Daryl Hall and John Oates: Big Bam Boom, 1984
The final album of Daryl Hall and John Oates’ Imperial Phase seemed to put production ahead of songwriting - but it's still fun
Coming off of the huge success of their 1981 album Private Eyes, Daryl Hall and John Oates were entering their Imperial Phase. Eyes went platinum and hit #5 on Billboard’s album chart, making it their first top 10 album, and also featured a pair of #1 singles in the title track and “I Can’t Go for That (No Can Do)” (the latter also topping the Dance and R&B singles charts). They released its follow-up, H2O, in October 1982, and climbed to even greater heights: lead single “Maneater” spent four weeks atop the Hot 100 in late December ‘82 and early January ‘83 (their longest-running #1 out of six across their career), two more singles made the top 10 (soulful ballad “One on One” and the Mike Oldfield-penned rocker “Family Man”), and the album got to #3, their highest-peaking album on the Billboard charts.

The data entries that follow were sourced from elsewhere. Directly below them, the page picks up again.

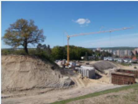
B96 OU Neubrandenburg
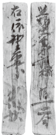
全面にわたってゆったりと流れる筆遣い。木に馴染んだ筆の感触が伝わる。
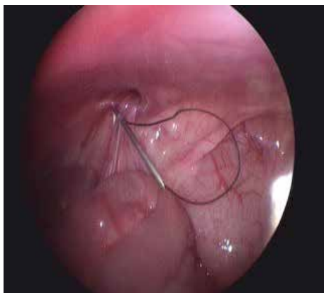
Рис. 4. Пункційне інтраабдомінальне формування петлі.

Через 1-шу добу після проведення операційного втручання хворий у задовільному стані виписаний додому. Контрольний огляд через 10 днів – рани загоєні первинним натягом, пахвинні кільця не розширені, ознак патології органів черевної порожнини немає. Рекомендовано
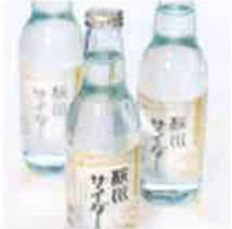
2 能勢の地サイダー「桜川サイダー」
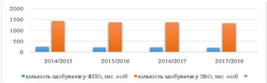
Рис. 2. Динаміка кількості здобувачів освіти
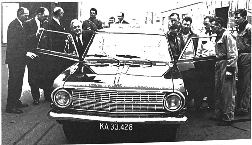
Direktion og arbejdere kigger på bil. General Motors i København, 1963.

I dette varesamfund bliver også fritiden til en vare. Inden for underholdnings-, hobby- og gør-det-selv-området vokser hele særindustrier frem. Det samme gælder for ferien. En hastigt voksende rejseindustri begyndte at masseproducere turistrejser i et udbud og til en pris, ingen havde kunnet drømme om tidligere.

[For chart nerds: H2O spent 15 consecutive weeks stuck at that position, from January 15th to April 23rd, behind a collective quartet of albums: Men at Work’s Business As Usual and Michael Jackson’s Thriller, which peaked at #1, and Stray Cats’ Built for Speed and Journey’s Frontiers, which couldn’t get higher than #2. The Jackson and Journey albums each leapfrogged Hall & Oates while they sat, patiently, at #3.]
October clearly worked for H&O as a release date, so in October ‘83 they dropped Rock ‘n Soul Part 1, a greatest hits album with a pair of new songs. The album peaked at #7 and spun both of its new songs into the top 10 of the Hot 100, with “Say It Isn’t So” spending an agonizing four weeks at #2 behind Jackson and Paul McCartney’s “Say Say Say,” and “Adult Education” getting to #8. And in, you guessed it, October ‘84 came Hall & Oates’ next studio record, the aptly-titled Big Bam Boom.

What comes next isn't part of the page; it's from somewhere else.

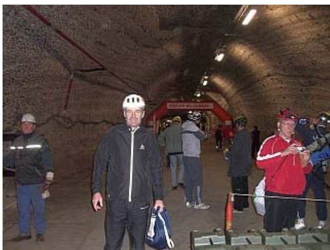
Das werde ich jetzt schnell ausziehen!

Ich war noch nie so tief „unter Tage“, so wird die Grubenfahrt ins Innere der Erde auch genannt. Ob ich Platzangst habe, weiß ich nicht, ein mulmiges Gefühl habe ich aber schon dabei, obwohl unter meinen Vorfahren auch ein Bergmann war. In meiner Heimat bin ich nur einmal mit einer Grubenbahn horizontal ein altes, aufgelassenes Kupferbergwerk gefahren, das jetzt als Bergbaumuseum dient, doch mit einem Förderaufzug bin ich nie 700 Meter tief in die Erde eingetaucht.

Boom would be their fourth and final top 10 album, peaking at #5. It was led off with their final #1, “Out of Touch,” and was their last to produce two top 10s, let alone four top 30s, both of which it did. Interestingly, both “Touch” and follow-up “Method of Modern Love” cracked the R&B top 30 as well, the only time H&O had two singles from one album do so.
As for the album’s sound, it was both consistent with what had come (recently) before and a step forward. During the sessions for the album, Hall & Oates (and producer Bob Clearmountain) started playing around with Synclaviers and Fairlights (sampling synthesizers). John Oates said of the recording process, in his 2017 memoir Change of Seasons, “We embraced each new device on its merits as a tool to enhance and integrate into the recording process. For us, they were instruments to be used to achieve an end: service and enrich the songs.” Unfortunately, much of the time Big Bam Boom sounds more concerned with “Look at the sounds we can make!” than “How about these great songs?”

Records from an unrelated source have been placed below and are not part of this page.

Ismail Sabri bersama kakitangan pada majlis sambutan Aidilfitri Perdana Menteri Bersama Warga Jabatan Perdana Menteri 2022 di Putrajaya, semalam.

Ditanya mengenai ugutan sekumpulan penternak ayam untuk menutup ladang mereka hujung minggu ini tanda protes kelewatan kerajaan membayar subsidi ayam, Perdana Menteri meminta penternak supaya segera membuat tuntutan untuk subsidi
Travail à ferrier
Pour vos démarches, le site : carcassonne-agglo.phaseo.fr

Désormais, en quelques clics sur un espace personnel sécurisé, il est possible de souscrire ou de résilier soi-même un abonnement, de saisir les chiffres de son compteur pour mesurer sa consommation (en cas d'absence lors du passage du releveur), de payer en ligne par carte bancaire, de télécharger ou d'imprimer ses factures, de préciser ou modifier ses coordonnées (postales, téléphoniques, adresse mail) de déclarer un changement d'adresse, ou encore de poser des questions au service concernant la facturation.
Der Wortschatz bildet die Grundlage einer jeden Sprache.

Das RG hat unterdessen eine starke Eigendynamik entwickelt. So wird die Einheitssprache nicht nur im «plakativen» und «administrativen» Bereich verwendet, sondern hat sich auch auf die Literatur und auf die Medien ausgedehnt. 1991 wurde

The great Arthur Baker is credited as "Mix Consultant and Additional Production" on the album, and sure, it largely sounds great. (You can especially hear his influence on the opening one-two of “Dance on Your Knees” and “Out of Touch.”) But the songs don’t all hold up to the thick layers of sound and effects piled on top of ‘em. Take as an example “All American Girl.” First of all, after Tom Petty’s “American Girl,” it should be illegal for anyone else to attempt a similar song. Secondly, the opening couplet is “Skin tight/Soul delight” — what the fuck? The melody is thin. There’s a John Oates mini-rap. (No. Just, no.) There’s nothing here. The album’s final single, the Oates-sung “Possession Obsession,” suffers from many of the same problems (though mercifully there’s no rap).
This isn’t to say the album is a failure, or that there are no highlights, as neither is true. The charming second single “Method of Modern Love,” which has a video so perfectly cheesy you can’t help but smile at it, has a few too many musical effects, but is a gorgeous Hall/Jana Allan composition about, well, modern love that succeeds precisely because its lyrics are so cutely and acutely penned. Third single “Some Things Are Better Left Unsaid,” a solo Hall writing credit, uses its sounds/effects to its benefit, smartly using them to punctuate his lyrics. And “Out of Touch” just slams, period.
After Big Bam Boom, Hall & Oates embarked on a lengthy tour, recorded/released an EP with their idols David Ruffin and Eddie Kendricks of the Temptations (Live at the Apollo), and then went into hibernation. Hall released a Dave Stewart-produced solo album in 1986, Three Hearts in the Happy Ending Machine, but wouldn’t rejoin forces with Oates until 1988’s shall-we-say-unfortunate Ooh Yeah! Their Imperial Phase was definitely, definitively over. And while this perhaps wasn’t quite the note on which they wanted to go out, hit though it was, at least its title was truth in advertising.